(Collected data)
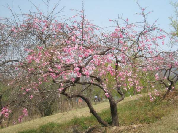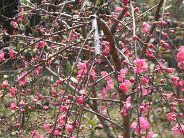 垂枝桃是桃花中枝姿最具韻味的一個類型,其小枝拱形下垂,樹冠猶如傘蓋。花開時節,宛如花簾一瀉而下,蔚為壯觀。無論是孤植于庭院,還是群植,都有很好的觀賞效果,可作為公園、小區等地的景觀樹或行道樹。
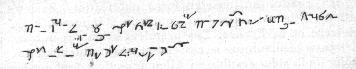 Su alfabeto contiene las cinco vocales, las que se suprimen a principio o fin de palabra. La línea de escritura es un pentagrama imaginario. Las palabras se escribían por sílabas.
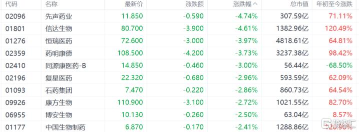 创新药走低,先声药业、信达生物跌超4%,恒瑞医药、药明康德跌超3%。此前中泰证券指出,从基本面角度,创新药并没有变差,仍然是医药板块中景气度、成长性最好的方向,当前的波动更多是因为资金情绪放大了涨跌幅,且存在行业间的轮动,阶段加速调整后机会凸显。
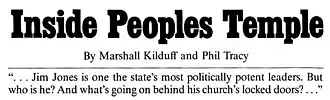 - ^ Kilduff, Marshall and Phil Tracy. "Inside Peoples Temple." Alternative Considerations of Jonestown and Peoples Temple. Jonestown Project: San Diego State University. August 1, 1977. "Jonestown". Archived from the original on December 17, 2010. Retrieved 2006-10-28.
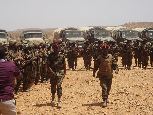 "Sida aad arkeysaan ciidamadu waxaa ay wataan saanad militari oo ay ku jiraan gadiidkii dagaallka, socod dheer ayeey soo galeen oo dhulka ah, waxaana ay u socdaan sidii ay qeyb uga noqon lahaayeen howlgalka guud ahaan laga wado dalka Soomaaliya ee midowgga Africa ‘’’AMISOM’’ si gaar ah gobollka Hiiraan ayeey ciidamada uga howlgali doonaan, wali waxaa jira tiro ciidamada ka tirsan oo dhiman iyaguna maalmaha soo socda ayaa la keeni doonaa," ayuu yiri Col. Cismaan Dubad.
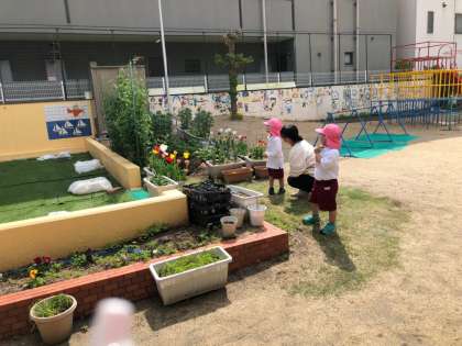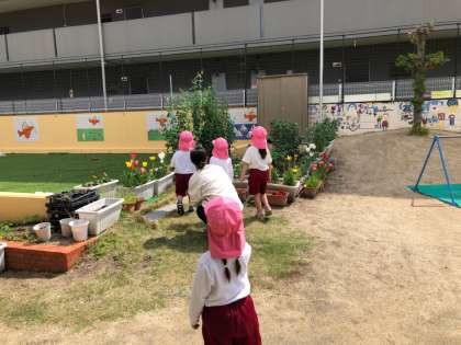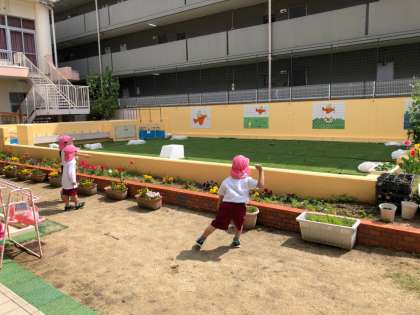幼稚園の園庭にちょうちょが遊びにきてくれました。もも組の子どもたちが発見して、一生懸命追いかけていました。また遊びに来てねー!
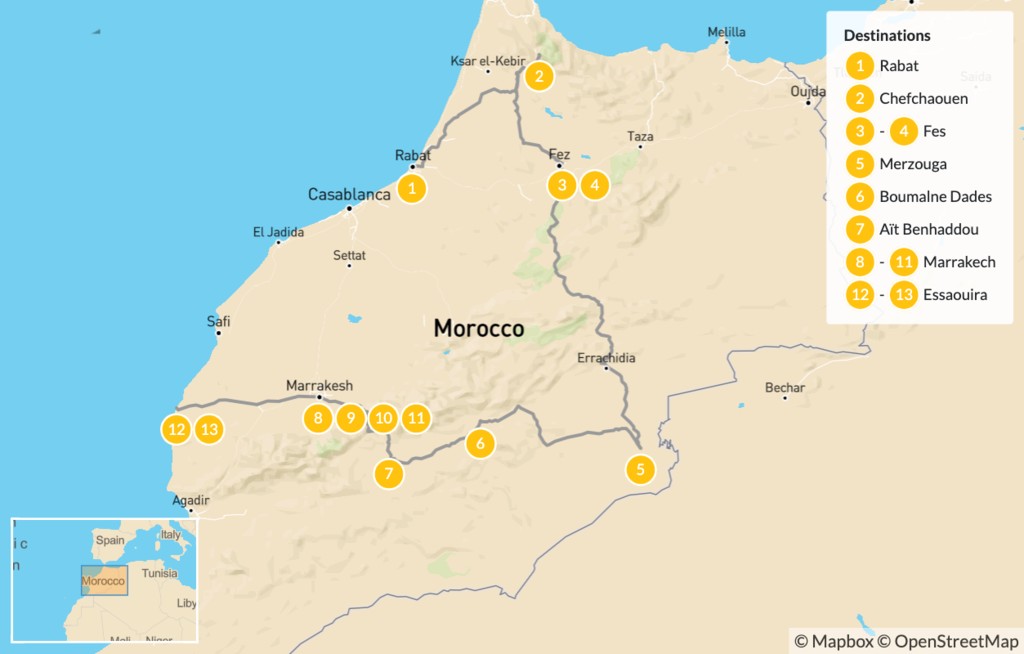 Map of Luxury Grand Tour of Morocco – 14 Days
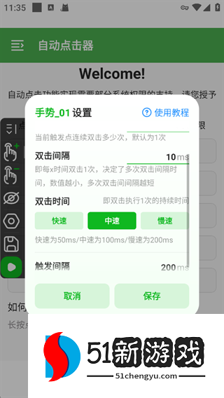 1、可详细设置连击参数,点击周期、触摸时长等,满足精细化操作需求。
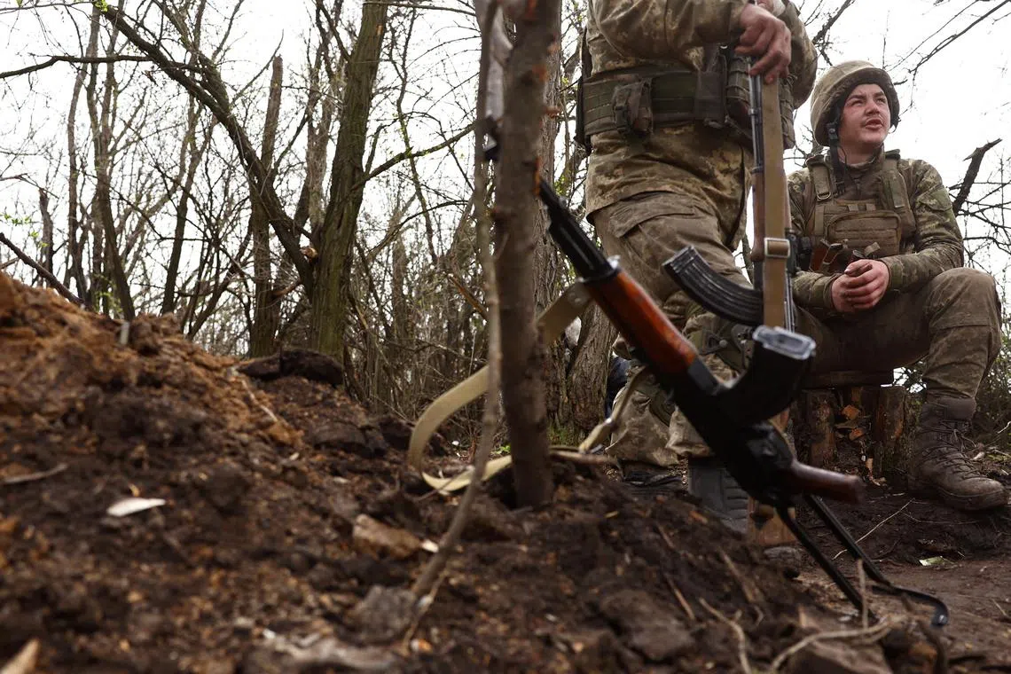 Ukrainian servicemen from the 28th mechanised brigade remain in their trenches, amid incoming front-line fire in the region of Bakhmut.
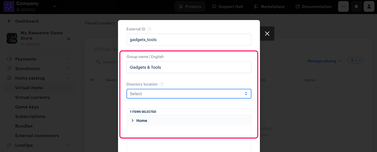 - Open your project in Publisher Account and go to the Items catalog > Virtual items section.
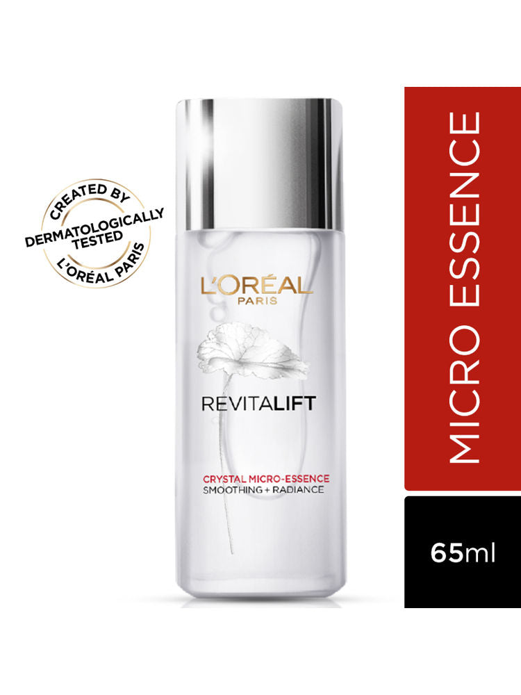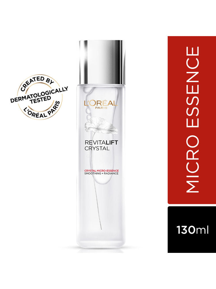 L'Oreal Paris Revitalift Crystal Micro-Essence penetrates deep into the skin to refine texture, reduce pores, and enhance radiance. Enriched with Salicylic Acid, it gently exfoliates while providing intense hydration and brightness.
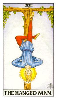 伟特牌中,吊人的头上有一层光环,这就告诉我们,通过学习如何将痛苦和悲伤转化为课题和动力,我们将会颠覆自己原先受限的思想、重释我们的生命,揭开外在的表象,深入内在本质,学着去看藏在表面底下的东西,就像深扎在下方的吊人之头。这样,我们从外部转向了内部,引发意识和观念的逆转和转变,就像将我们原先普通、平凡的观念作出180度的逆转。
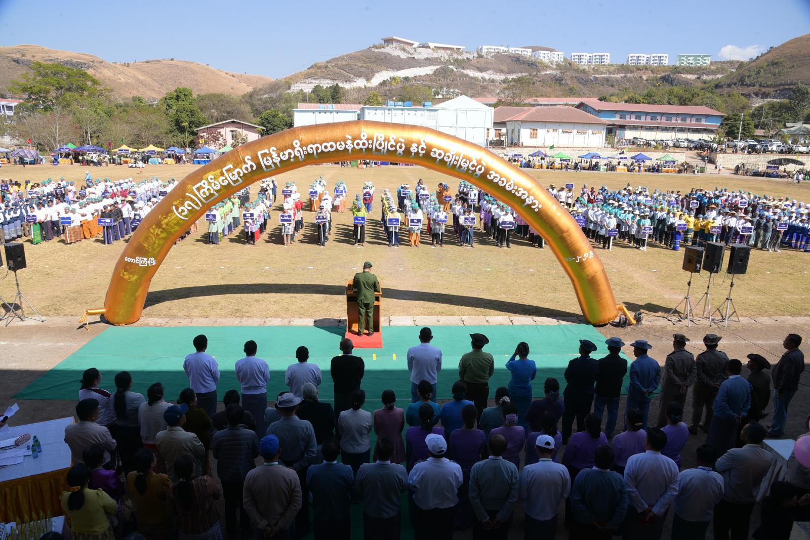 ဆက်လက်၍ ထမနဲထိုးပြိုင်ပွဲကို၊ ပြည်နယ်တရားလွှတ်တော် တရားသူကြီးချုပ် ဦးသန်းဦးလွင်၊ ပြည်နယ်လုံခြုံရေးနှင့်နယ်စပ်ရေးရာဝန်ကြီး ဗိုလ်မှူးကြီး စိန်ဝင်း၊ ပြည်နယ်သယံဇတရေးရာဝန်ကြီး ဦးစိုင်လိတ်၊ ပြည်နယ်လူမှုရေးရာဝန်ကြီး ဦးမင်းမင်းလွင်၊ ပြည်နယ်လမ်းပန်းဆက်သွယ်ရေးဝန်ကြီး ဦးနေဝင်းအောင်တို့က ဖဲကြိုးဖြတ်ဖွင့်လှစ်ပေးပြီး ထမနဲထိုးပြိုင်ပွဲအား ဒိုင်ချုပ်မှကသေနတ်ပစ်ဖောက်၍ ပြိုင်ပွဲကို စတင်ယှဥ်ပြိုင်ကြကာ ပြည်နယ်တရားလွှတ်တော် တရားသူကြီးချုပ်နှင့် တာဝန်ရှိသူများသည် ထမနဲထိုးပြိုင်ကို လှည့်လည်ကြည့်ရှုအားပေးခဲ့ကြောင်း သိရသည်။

__WHAT THIS TASK INVOLVES__. Every line above from the one with "- ^ Kilduff, Marshall" down to the one with "伟特牌中,吊人的头上有一层光" must be written out exactly, and no picture may appear.

__FINISHED TASK__.
 - ^ Kilduff, Marshall and Phil Tracy. "Inside Peoples Temple." Alternative Considerations of Jonestown and Peoples Temple. Jonestown Project: San Diego State University. August 1, 1977. "Jonestown". Archived from the original on December 17, 2010. Retrieved 2006-10-28.
 "Sida aad arkeysaan ciidamadu waxaa ay wataan saanad militari oo ay ku jiraan gadiidkii dagaallka, socod dheer ayeey soo galeen oo dhulka ah, waxaana ay u socdaan sidii ay qeyb uga noqon lahaayeen howlgalka guud ahaan laga wado dalka Soomaaliya ee midowgga Africa ‘’’AMISOM’’ si gaar ah gobollka Hiiraan ayeey ciidamada uga howlgali doonaan, wali waxaa jira tiro ciidamada ka tirsan oo dhiman iyaguna maalmaha soo socda ayaa la keeni doonaa," ayuu yiri Col. Cismaan Dubad.
幼稚園の園庭にちょうちょが遊びにきてくれました。もも組の子どもたちが発見して、一生懸命追いかけていました。また遊びに来てねー!
 Map of Luxury Grand Tour of Morocco – 14 Days
 1、可详细设置连击参数,点击周期、触摸时长等,满足精细化操作需求。
 Ukrainian servicemen from the 28th mechanised brigade remain in their trenches, amid incoming front-line fire in the region of Bakhmut.
 - Open your project in Publisher Account and go to the Items catalog > Virtual items section.
 L'Oreal Paris Revitalift Crystal Micro-Essence penetrates deep into the skin to refine texture, reduce pores, and enhance radiance. Enriched with Salicylic Acid, it gently exfoliates while providing intense hydration and brightness.
 伟特牌中,吊人的头上有一层光环,这就告诉我们,通过学习如何将痛苦和悲伤转化为课题和动力,我们将会颠覆自己原先受限的思想、重释我们的生命,揭开外在的表象,深入内在本质,学着去看藏在表面底下的东西,就像深扎在下方的吊人之头。这样,我们从外部转向了内部,引发意识和观念的逆转和转变,就像将我们原先普通、平凡的观念作出180度的逆转。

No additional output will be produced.